The strategic objective of Operation Barbarossa, Hitler’s genocidal invasion of the Soviet Union, was to secure Ukraine, “the breadbasket of Europe”, for Germany. In Putin’s eyes, by engineering the Soviet implosion, the West succeeded where the Nazis had failed, by detaching Ukraine from the Russian motherland without striking a blow. He has no qualms about sacrificing thousands, if not millions, of lives to regain control of the strategic glacis of the Kremlin and the breeding ground of medieval Russian Orthodox culture.

The very word “Rus”, hence Russia, derives from the state of Kiev under the Rurik dynasty which lasted from the end of the 9th century until the Mongol invasion destroyed it in 1240. After their conquest of the Khazars, the Grand Princes of Kiev (Kiev in Russian transliteration) ruled over a vast territory that stretched from the Arctic to the Black Sea. Russian nationalists, including Putin, trace the lineage of Muscovy, the true ancestor state of modern Russia, to Kyivan Rus.

Yet these imperialist theories are not only historically dubious, but today form an absurd basis for land claims. It is as if the British were claiming the Angevin heritage, comprising most of modern France; or the Germans were to demand the restoration of the First Reich of the Hohenstaufen, an empire from Sicily to Saxony; or the Poles and Lithuanians were to claim their Commonwealth, which included modern Ukraine and Belarus as well as Poland and the Baltic States.

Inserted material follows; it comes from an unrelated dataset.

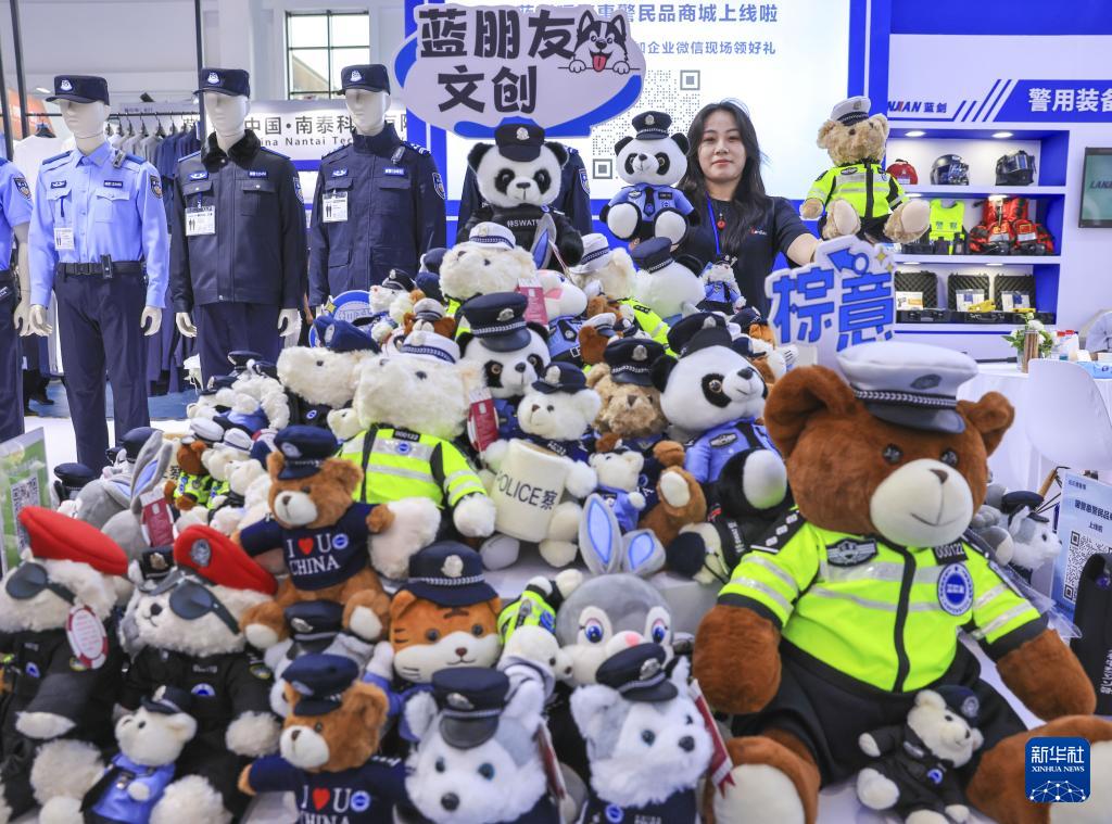 9月16日,在第二届公共安全科技装备展现场,工作人员展示文创产品。

Many European peoples have at one time or another ruled over much larger territories than they do today. All but one reconciled with smaller nation states rather than imperial superstates. The only difference in the case of Russia is that the memory of the empire is much more recent. The Soviet Union was the last empire in Europe and Putin is the last imperialist in Europe.

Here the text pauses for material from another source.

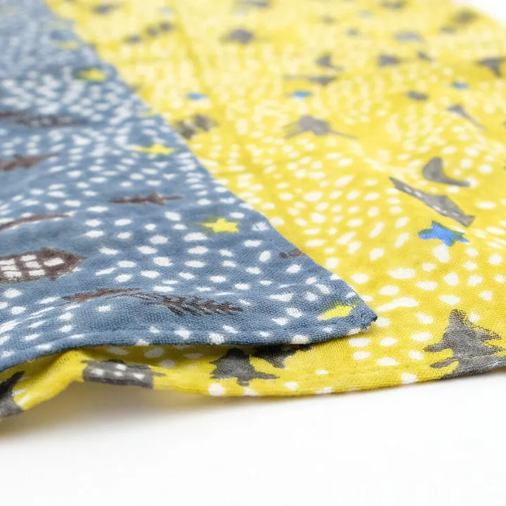 一年中で最も星空がきれいに見える冬の夜空をイメージしたハンカチ。ガーゼ素材なので、ハンカチとしてはもちろん、ふきんとしても使い心地抜群なアイテムです。一面に広がる星と森をプロックプリントで表現しました。 【ブロックプリントについて】 ブロックプリントとは、木彫り版でハンコを押すように1柄ずつ1色ずつプリントされたものです。 まず、アウトラインとなる柄のスタンプを押していき、そのあと色をのせていくため、使われている色の数だけ作業は複雑になっていきます。 染ムラやスタンプの境目が少しゆらいでいる場合もありますが、それも手作業ならではの良さであり、風合いとなっています。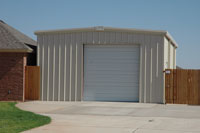 This simple residential steel building includes one 10 x 10 overhead door and a single entry door at the buildings rear. The wall color is light stone with white roof and saddle tan trim.

The West is therefore faced with a state of mind that we have relegated to the past but which, in Russia, is still very present. Ukraine seized its first opportunity for independence a century ago, but was crushed by Lenin’s heavyweight and starved by Stalin’s artificial famine – the “Holodomor”. Whether this atrocity was genocide is still a matter of controversy, but Ukrainian nationalists have no doubts about it: they will neither forgive nor forget.

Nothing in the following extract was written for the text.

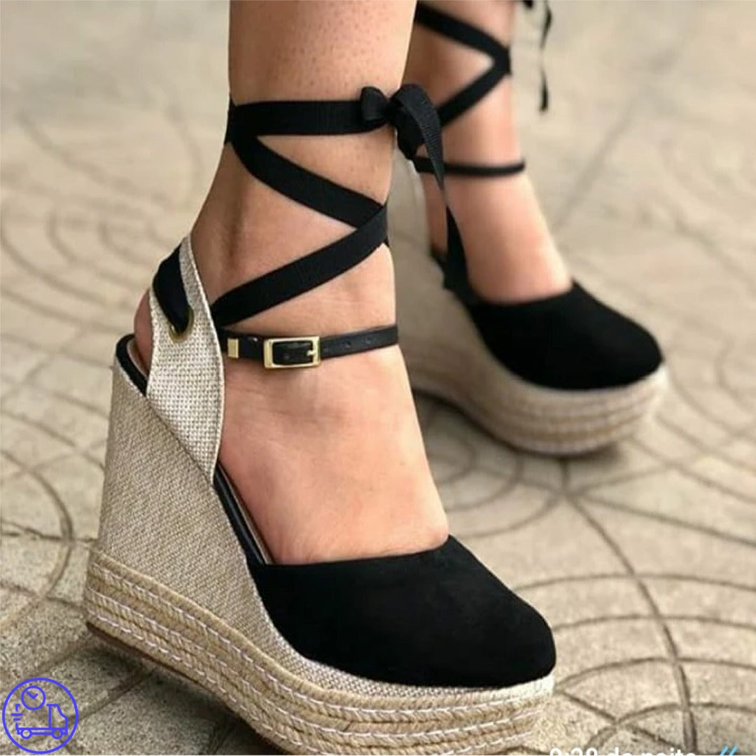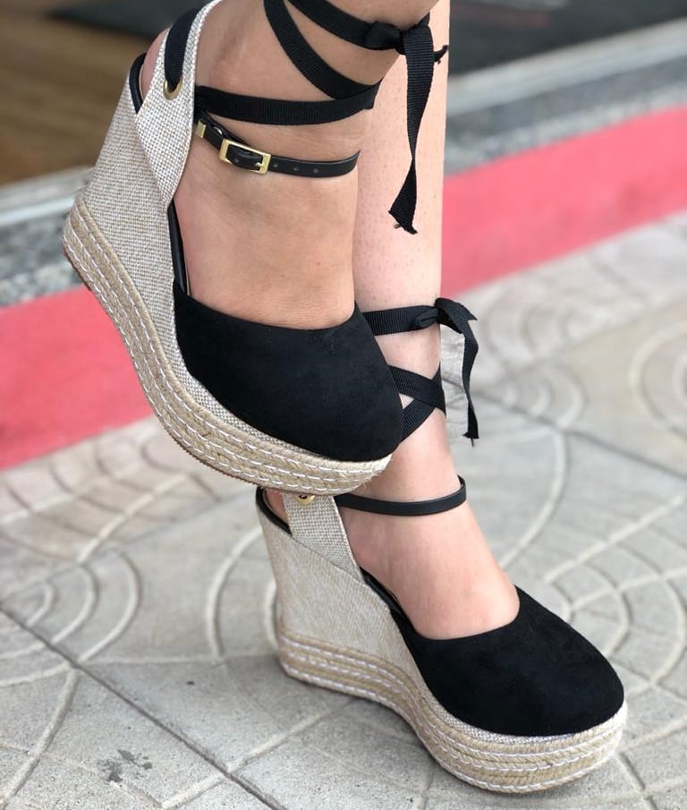 Sandália com solado 8 cm traseiro e 4 cm frontal, solado PU emborrachado e forrado em tecido, parte superior aveludada com tiras que podem ser usadas separadamente. Linda , leve e confortável.

Russian propaganda caricatures them as fascists, associating them with wartime Nazi collaborators who slaughtered Jews. But the President of Ukraine, Volodymyr Zelensky, is not only freely elected (unlike Putin) but he also happens to be Jewish. Zelensky tries to rid Ukraine of corruption, targeting the oligarchs who still dominate the former Soviet states – and Russia. Most Ukrainians will never voluntarily return to the stagnant and authoritarian system presided over by Putin. They will fight for their freedom.

And so the stage is set for Armageddon on the Dnieper. Macron, Biden and Johnson have all spoken to Putin in recent weeks. He seems insensitive to their calls for a negotiated solution to the grievances of Russian-speaking Donbass. Unless Ukraine capitulates to its demands, the Minsk Protocol, the 2015 truce signed by the two states, will remain a dead letter. “The lack of progress towards a politico-diplomatic solution would mean that our response will be military and military-technical,” said Deputy Foreign Minister Sergei Ryabkov.
In other words, the Russians are determined to continue annexation, either peacefully or by force.

Whether or not NATO approves Putin’s imperialist project, we risk being helpless spectators of the dismemberment of a European country of 44 million inhabitants. The consequences for world peace are unthinkable, but we still have to think about them. In order to avoid war in Ukraine, we must face Putin

s imperialist project. To do this, we must first understand it.